Leaf greenness was determined by using a SPAD meter (SPAD-502, Konica Minolta Sensing, Inc. Japan). For SPAD measurement, 30 leaves per replicate were used. Photosynthetic activity was measured using the Li-Cor (LI-6400, LI-COR, Lincoln, Nebraska, USA) from three fully developed leaves from the upper, middle, and lower portions of the plant one week after biostimulant application on 3/9/2017, 3/30/2017 and 4/13/2017 in fruiting, flowering, and fruit color change stage between 8 am to 10 am, respectively. Nitrate concentration in the plants was monitored by the petiole sap testing method and petioles were collected on the same day when SPAD reading was taken as mentioned above. Thirty leaf samples were taken from each plot and put in 15 by 20 cm zip lock bags. Petioles were separated from the leaves, cut into small pieces (2 mm) in length and manually mixed. A lemon squeezer was used to squeeze the sap from the petiole pieces. Nitrate concentration in the sap was measured using LAQUA Twin Nitrate Meter (Spectrum, Inc. USA) on the next day after SPAD readings i.e., 3/10/2017, 3/31/2017 and 4/14/2017. The nitrate meter was calibrated with standard solutions (300 and 2,000 mg l−1), and then samples were used for nitrate measurements.

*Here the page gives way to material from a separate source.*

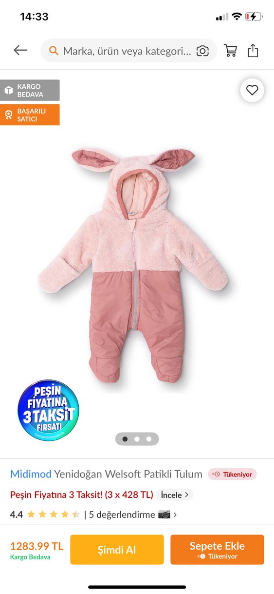 Pastel pembe renkte, kapüşonlu ve kulak detaylı kürklü bebek tulumu. Düz desensiz, patikli ve önden fermuarlı yapısı ile kullanımı kolaydır. 9-12 beden fakat 6-9 bir bebeğe daha rahat olur çünkü benim bebeğim 9 aylık 70cm boyu 8.400 kg normalde 9-12 giyiyor fakat bu tulum dar geldi ayak ve bacak kısımları özellikle. Eşim almış bedeni olur sandım yıkadım ama malesef giydiremedim yepyeni
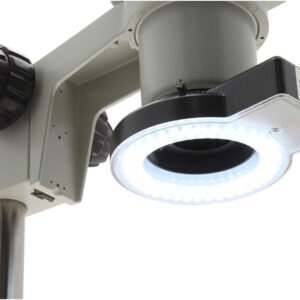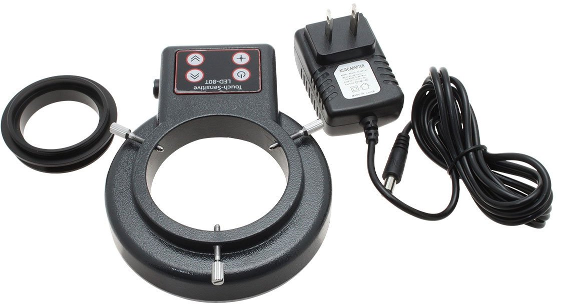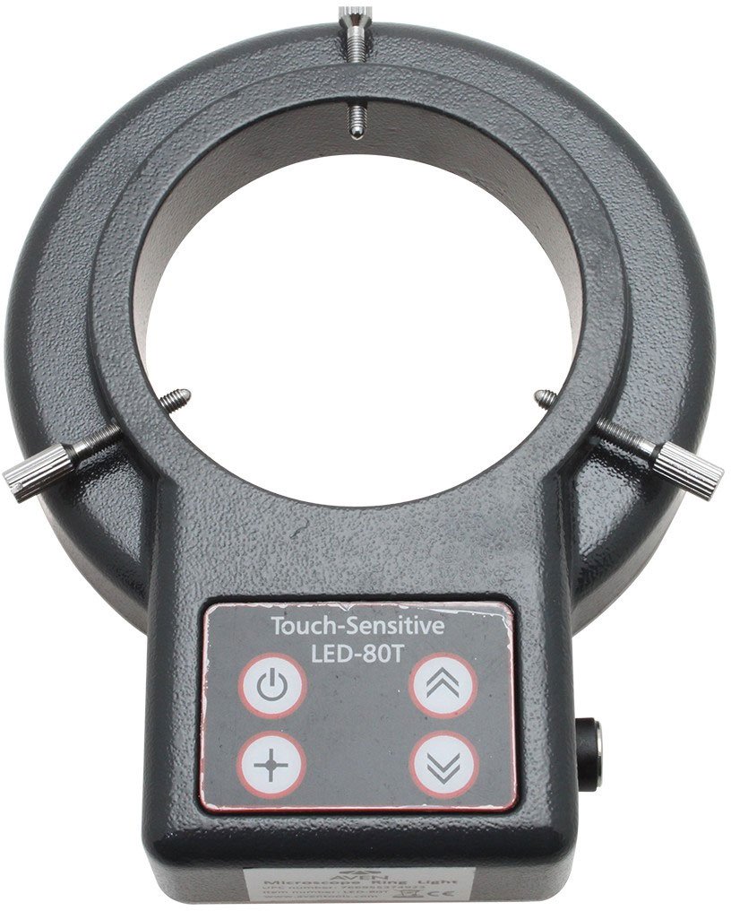 The 80 LED Ring Light with Touch Control is designed to provide bright and even illumination for your microscope inspection system. The touch sensitive buttons allow users to control the brightness and LED quadrant. The four quadrants can be individually controlled to provide users with ideal illumination over the specimen being viewed.

Nitrate reductase activity (NRA) was determined following the protocol of Sym[25] while nitrite reductase activity (NiRA) was calculated from leaf samples harvested on the day of SPAD reading mentioned above stored at −80 oC and NRA activity was carried out after 4 days i.e., 3/14/2017, 4/6/2017 and 4/20/2017 following the method of Waterer[14]. For the determination of Ca, K, Mg, and P, dried plant material (0.5 g) from leaves and roots was ground and digested with concentrated sulfuric acid (H2SO4, 5 ml) and hydrogen peroxide H2O2 (35%, 0.5 ml per digestion tube) as described by Wolf[15]. The digested samples were then analyzed for P and K by a flame photometer (Jenway PFP-7; Keison Products, Chelmsford, UK). A graded series of standards (ranging from 10 to 100 mg l−1) of P and K were prepared, and standard curves were calculated. The values of P and K from the flame photometer were compared with the standard curves, and sample concentrations were computed. Calcium and Mg were determined titrimetrically using an EDTA solution (0.01 N) as a standard solution and Eriochrome Black T and Calcon as indicators as described by Bower & Hatcher[26].

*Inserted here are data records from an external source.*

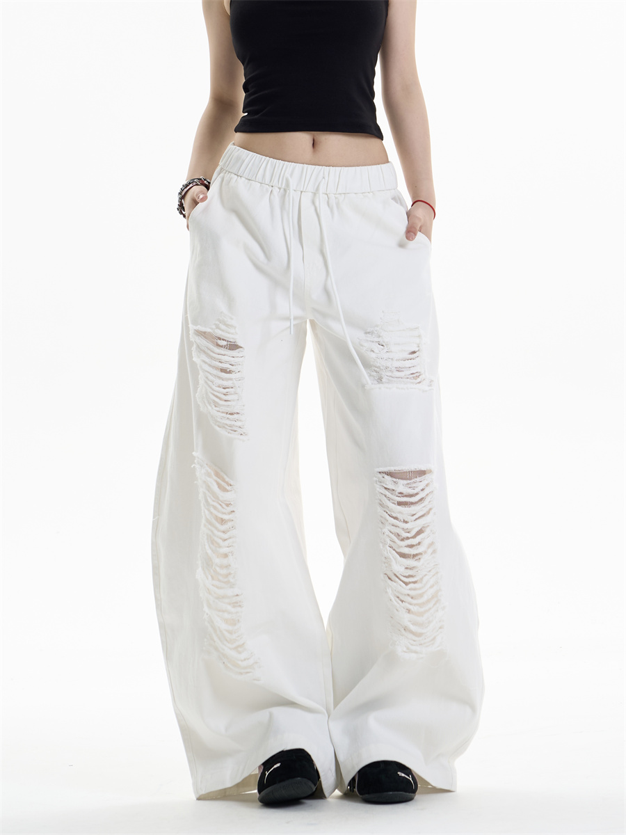 Ripped Casual Pants Women's Loose Straight Wide-leg Pants
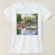 The T-shirt is decorated with a humourous painting of of Swans in boats a play on the Boston Public Gardens "Swan Boats."
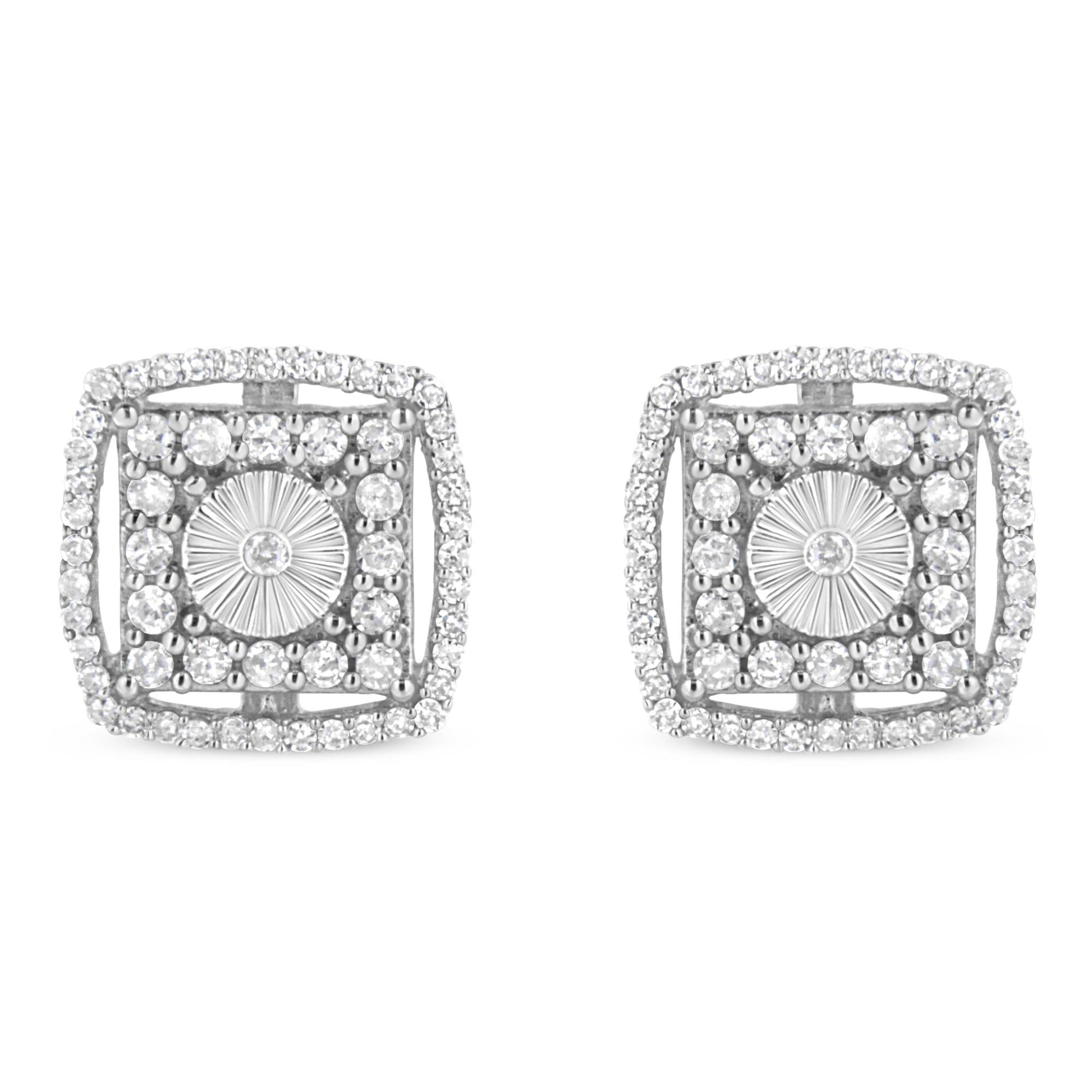 .925 Sterling Silver 1.0 Cttw Round Diamond Double Halo and Disc Stud Earring (I-J Color, I2-I3 Clarity)
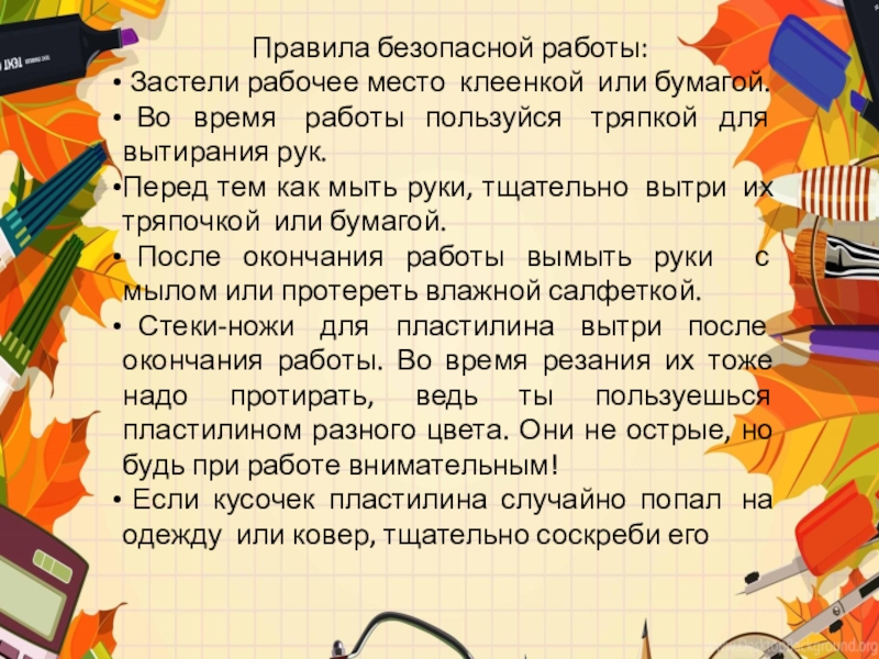 Стеки-ножи для пластилина вытри после окончания работы. Во время резания их тоже надо протирать, ведь ты пользуешься пластилином разного цвета. Они не острые, но будь при работе внимательным!

Fruit quality attributes were evaluated at the Postharvest Physiology and Technology Lab, Horticultural Sciences Department, University of Florida, FL, USA. Fruit quality parameters tested were firmness, soluble solids concentration (SSC), total titratable acidity (TTA), and citric acid, malic acid, and tartaric acid content. Selected fruit samples were homogenized and centrifuged at 12,000 rpm for 20 min at 4 °C. The supernatant was filtered through cheesecloth and the juice was used to assess SSC and TTA. Soluble solids concentration was determined by placing two drops of juice on the prism of a digital handheld refractometer (model AR200, Reichert Analytical Instruments, Depew, NY, USA) and reported as Brix. Citric acid, malic acid, and total titratable acidity were determined with an automatic titrator (model 719 S Titrino; Metrohm, Herisau, Switzerland). The TTA was determined by diluting 6 g of tomato juice with 50 ml deionized water, and then titrating with 0.1 N sodium hydroxide (NaOH) to an endpoint of pH 8.2 and expressed as percent citric acid. The fruit firmness was measured by a fruit texture analyzer (TA HD Plus, Texture Technologies Corp, NY, USA).
There were three harvests in total. The three- harvests took place 60, 75, and 85 days after planting, respectively. Fruits were handpicked, put in plastic trays, graded through a tomato grader, and weighed with a digital scale. The number of fruits and total fruit weight were recorded for each plant.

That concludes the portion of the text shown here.